# Japanese knife vendors



## duckfat (Aug 7, 2008)

I ran across this blog and I thought it might be of interest to others as the topic has come up here in the past of where to shop while in Japan. I thought it was an intersting read.

http://yayasyumyums.blogspot.com/2011/08/knife-shops-in-japan-tokyo-kyoto-osaka.html

Dave


----------



## lennyd (Dec 3, 2010)

Have to love stories like that.

That sounds lime it was a great trip!


----------



## sameguy (Jan 27, 2012)

I was on Kappabashi-dori yesterday (Monday afternoon) before heading to the hanami festivities at Ueno Koen. Even if you are _not_ shopping for a specific knife, Kappabashi is worth half a day on its own while you are in Tokyo. The weather was perfect, 70 and sunny, and the street was lively, packed with foreigners and locals alike.

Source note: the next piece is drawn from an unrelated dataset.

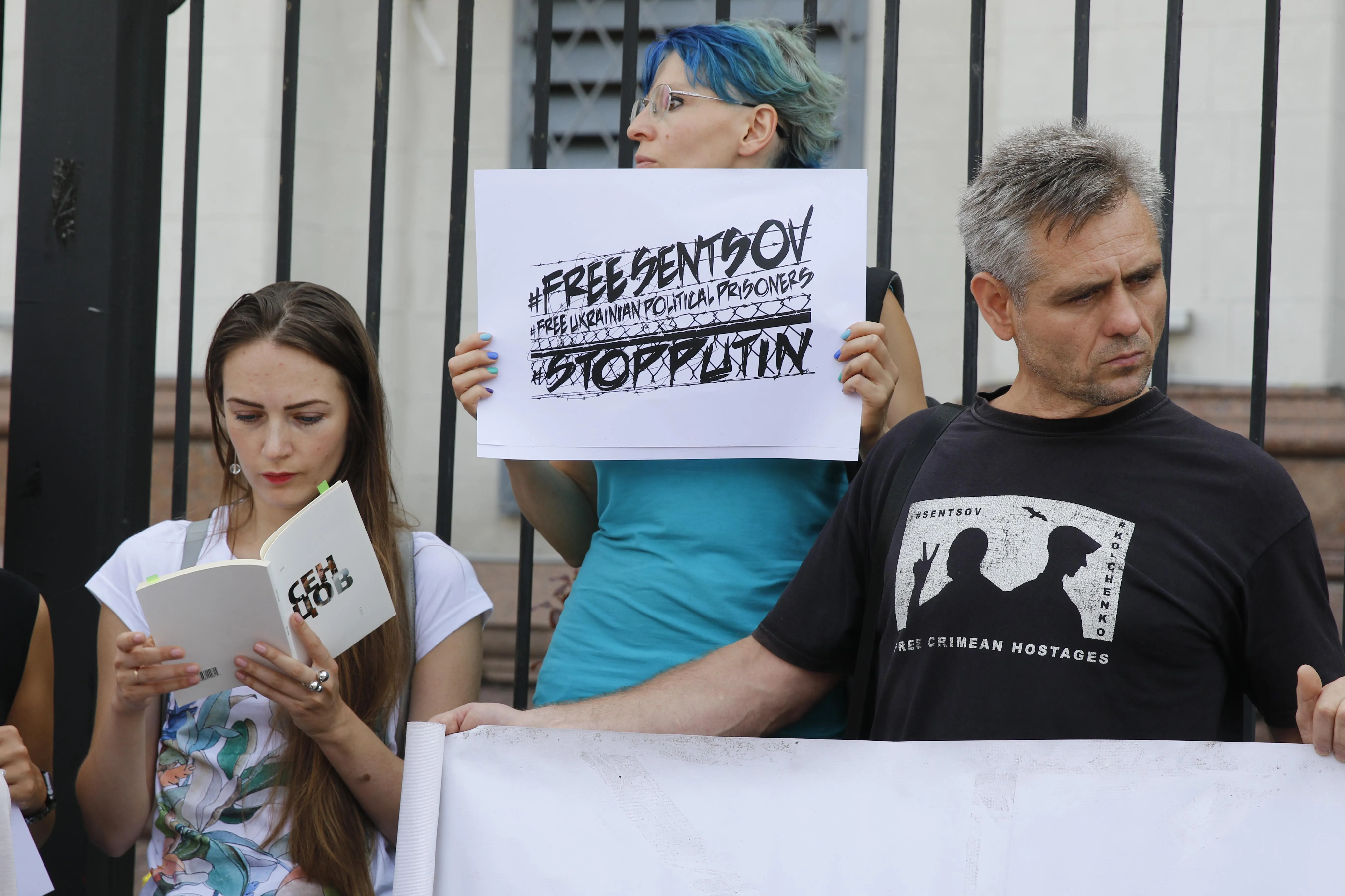 Наостанок активісти зачитали вголос оповідання Сенцова "Автобіографію" і "Заповіт".

This time I only had time to stop by my now-favorite shops, Union Commerce and Tsubaya. I wound up leaving UC with a blue 2 steel Ittosai Kotetsu nakiri for a very reasonable price. I drooled over some usubas but made a realistic choice based on my (lack of) knife and sharpening skills. While I was in Kitchen Town I picked up a traditional sharkskin _oroshigane_ (wasabia grater). Now I just need to order some wasabia from the west coast.


----------



## luis j (Jan 19, 2011)

Thanks for sharing Dave. A cool and informative post.

Luis


----------



## zojison (Apr 25, 2012)

Great blog, thanks for the pointer!


----------



## duckfat (Aug 7, 2008)

It sure would be nice to take a knife journey like that wouldn't it!  Knife shopping by day...Sushi by night.

Dave


----------



## duckfat (Aug 7, 2008)

A little more J-knife fun. Scroll down the blog page to watch the video. Very cool stuff.

Dave

http://www.tinyurbankitchen.com/2012/03/sharpening-your-knives-in-new-york.html


----------